Movimentações políticas e estratégias de associação entre candidaturas passam a integrar o debate sobre o cenário eleitoral estadual
Apoiadores do candidato Marcos Rogério acreditam que o apoio do governador Marcos Rocha e toda a estrutura da administração estadual ao seu principal adversário, Adailton Fúria, pode ser negativo ao nome escolhido pelo Palácio Rio Madeira/CPA, na eleição deste ano. Neste raciocínio, vale tudo para colocar Rocha e Fúria no mesmo palanque.
Pode ser uma estratégia, mas não se pode creditar a ela uma certeza absoluta. Há pesquisas que colocam Marcos Rocha com aprovação menor do que ele esperava, mas há outros cenários em que ele se destaca. Ao anunciar que a eleição de Fúria significaria uma continuidade da sua administração, Rocha deixou claro seu apoio.
A pergunta é: o atual Governador, que colocou a economia de Rondônia num patamar diferenciado; que colocou em índices pífios o desemprego e que atuou com força na área social, estará mesmo tão enfraquecido, ao ponto de prejudicar seu aliado?
Fúria tem procurado alguma distância, afirmando que a missão de Marcos Rocha é de governar o Estado e dele, como candidato, é mostrar aos rondonienses quem é, o que fez e o que pretende fazer.

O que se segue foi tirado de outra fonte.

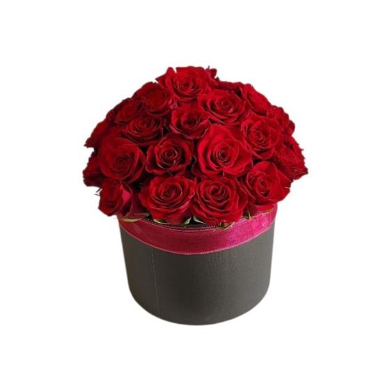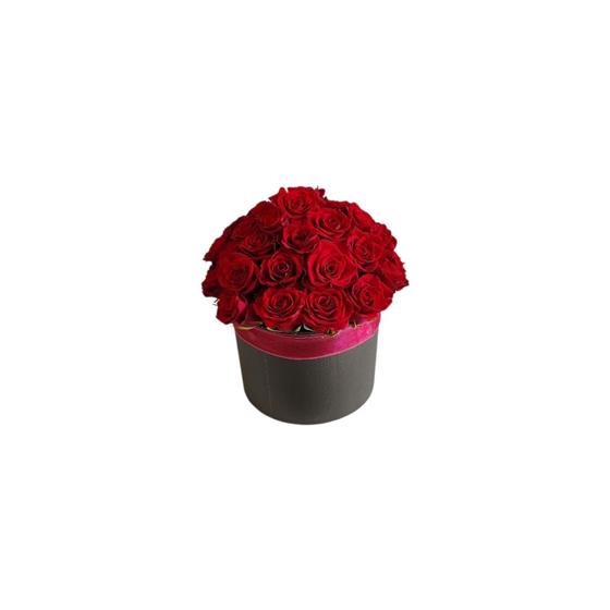 A sleek black round hat box brimming with red roses, their velvety petals glowing like embers in the Christmas light. Wrapped with delicate red organza ribbon, the arrangement feels rich, romantic and festive, speaking directly to the heart of your loved one.
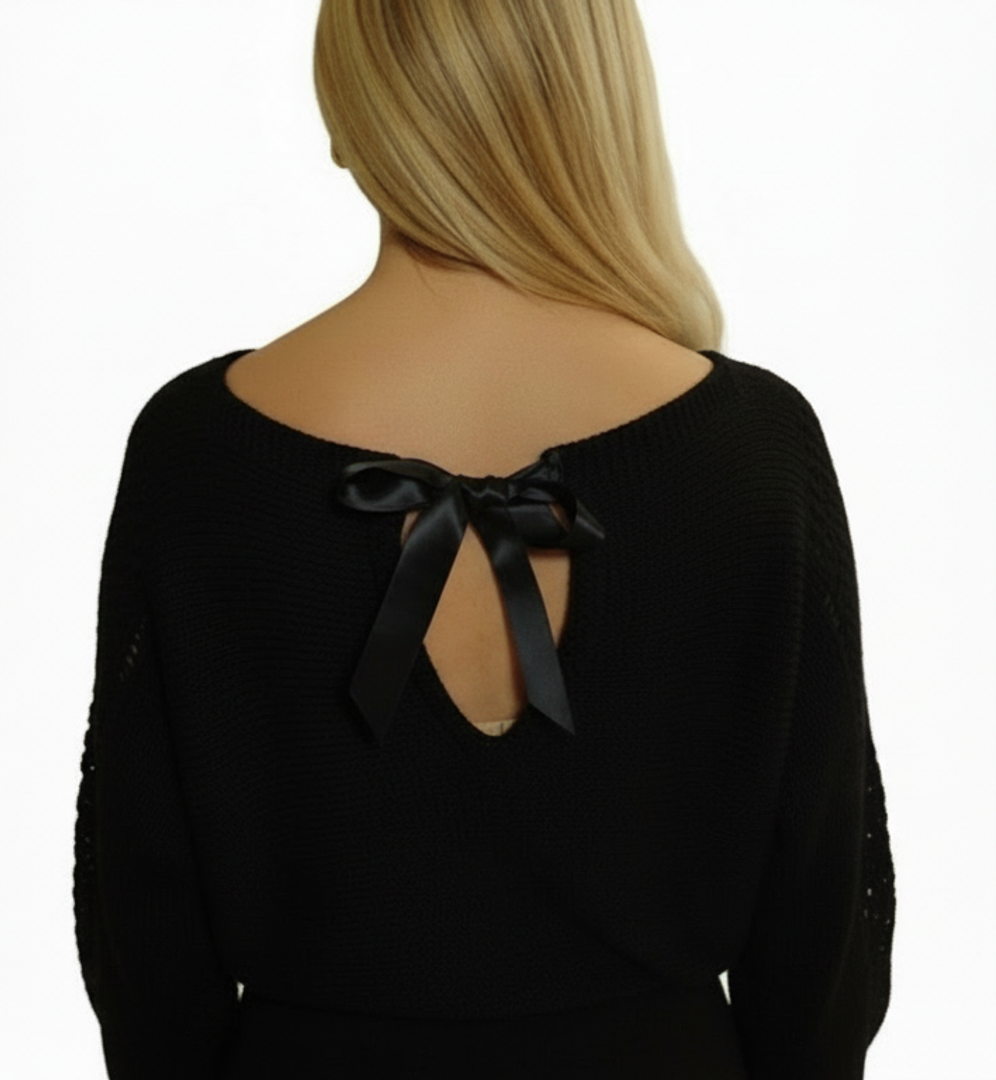 Πλεκτή μπλούζα με 3/4 μανίκι και φιόγκο στο πίσω τμήμα

Mas quem achar que se houver um apoio forte da estrutura de governo, espalhada por todos os recantos do Estado, é ruim para Fúria, pode estar fazendo uma aposta errada.
Nesta semana, tentou se plantar uma Fake de que Luana Rocha seria a coordenadora da campanha de Fúria. Isso nunca sequer foi aventado. O que há é um grupo palaciano que está tratando do assunto eleição, em que Luana faz parte. Nada mais que isso.
Só se saberá que a estratégia dos adversários de Rocha e de Fúria de colocá-los no mesmo palanque, como se isso fosse afetar a candidatura do jovem candidato do PSD, lá na frente. Ainda é cedo para prever.
Mas a experiência ensina: nunca se deve subestimar quem tem o poder na mão, em ano eleitoral.